The thicker end of the glass micro-tube electrode 5, which is not an electrode end, can be fixed in each concave hole on the substrate by using epoxy resin or silicon rubber, and the inner diameter of each concave hole is 1-2 mm.

The invention provides a design scheme of a glass micro-tube electrode based on liquid metal for the first time, which is characterized in that the liquid metal is poured into a capillary glass tube by utilizing the liquidity and the conductivity of the liquid metal, then the capillary glass tube is drawn into an ultra-fine glass tube, and the liquid metal in the tube is used as an electrode material. Compared with the traditional glass micro-electrode, the glass micro-tube electrode provided by the invention has a smoother electrode surface and lower electrical impedance characteristic, and is stable in electrochemical property. The preparation process is simpler, the cost is lower, and the controllability is better. Furthermore, a plurality of capillary glass tubes can be combined into a micro-tube electrode array, so that physiological signal detection and electrical stimulation of a plurality of sites are realized.

Drawings

Fig. 1 shows a glass microtube electrode based on liquid metal prepared in example 1 of the present invention.

Fig. 2 is a process flow chart of the preparation of the glass microtube electrode in example 1 of the present invention.

Fig. 3 shows an array of liquid metal based glass micro tube electrodes prepared in example 2 of the present invention.

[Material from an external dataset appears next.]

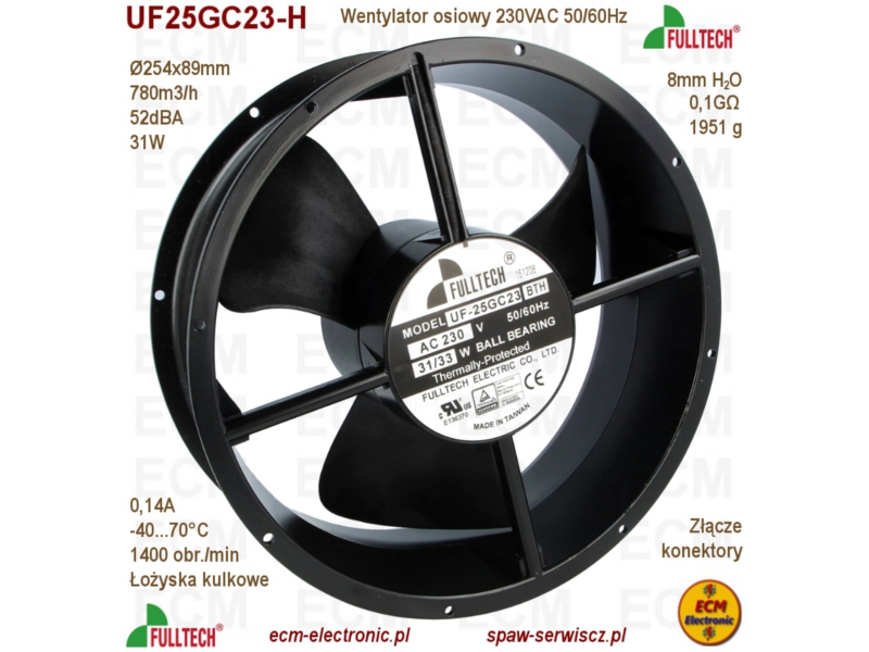 Wentylator UF25GC23-H/230VAC, wym. Ø254x89mm. FULTECH

In the figure, 1: an ultra-fine glass tube; 2: a liquid metal; 3: packaging glue; 4: connecting a lead; 5: a glass microtube electrode; 6: an electrode connection circuit; 7: a substrate; 3 a: a capillary glass tube; 3 b: a liquid metal; 3 c: connecting a lead; 3 d: packaging glue; 3 e: drawing an ultra-fine glass tube.

Detailed Description

The following examples are intended to illustrate the invention but are not intended to limit the scope of the invention. Unless otherwise specified, the technical means used in the examples are conventional means well known to those skilled in the art, and the raw materials used are commercially available products.

The liquid metal used in the following examples was prepared from gallium and indium at 75.5: 24.5, the melting point of the gallium indium alloy is 10.35 ℃. Experiments show that the gallium-indium alloy can not be dissolved in water, is not easy to be absorbed by skin and is safe to use. The packaging adhesive comprises epoxy resin or silicon rubber.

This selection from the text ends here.